I’m trying to run Pi-hole + Unbound in Docker on my server, with the help of Chatgpt, but I keep running into issues with Unbound. Pi-hole works fine, but Unbound keeps crashing with this error:
/unbound.sh: line 36: /opt/unbound/etc/unbound/unbound.conf: Is a directory
input in flex scanner failed
unbound exited with code 2
Verified unbound.conf is a file and not a directory
Placed unbound.conf inside a config directory
Ran docker-compose down -v and docker-compose up -d
Checked the file inside the container using:
docker run -it --rm -v ~/docker/unbound/config:/opt/unbound/etc/unbound mvance/unbound:latest sh
The unbound.conf file is visible inside /opt/unbound/etc/unbound
Problem:
Unbound still fails with the message that unbound.conf is a directory, even though the file exists in the config folder. I suspect something is wrong with the Docker volume mounting.

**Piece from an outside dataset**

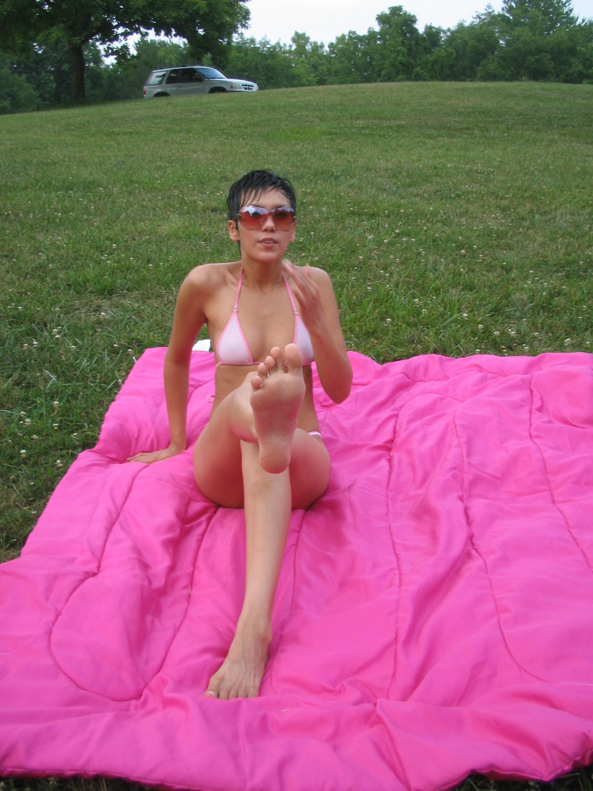 Short Haired Asian Freak Latino M4N atomicfrog skinny thong panties booty ass behind bikini feet soles topless tits sexy legs heels

Has anyone successfully run Unbound in Docker with Pi-hole as upstream DNS? How should I configure the volumes and paths so that Unbound starts correctly?

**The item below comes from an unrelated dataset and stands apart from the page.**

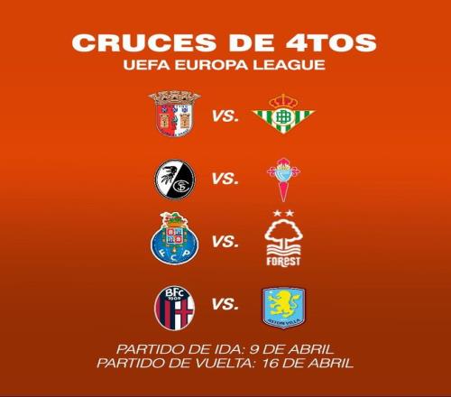 在8強出爐后,歐聯杯1/4決賽的具體對陣如下:

I let ChatGPT compose a reply, as he knows the problem better than I do:
I switched from mvance/unbound to klutchell/unbound as suggested and updated my docker-compose.yml to use the newer Pi-hole v6 environment variables (FTLCONF_*).
At this point:
Pi-hole starts correctly (still in “health: starting”, but no crashes)
Unbound no longer shows the “unbound.conf is a directory” error
My unbound.conf validates and runs fine when I start it manually inside a container (unbound -d -c ...)
However, I’m still running into an issue where the Unbound container keeps restarting:
unbound Restarting
And DNS queries fail:
dig @127.0.0.1 -p 5335 google.com
;; no servers could be reached
I’ve verified the following:
unbound.conf is a file (not a directory)
File permissions are correct (readable)
Paths in docker-compose.yml are correct (../unbound/...)
Unbound runs fine manually in a test container with the same config
So it seems like: The config itself is valid But something in the container startup is still causing it to exit
At this point I suspect either:
an issue with how the container is started (command / entrypoint), or
a mismatch between expected paths inside the image
Does anyone see something obvious I’m missing in this setup?
I’m resuming my ChatGPT session, but it seems to not be able to resolve the problem and I’m in a loop. Could someone take a look at my docker-compose.yml file and reply with some suggestions or preferably rewrite my docker-compose.yml file?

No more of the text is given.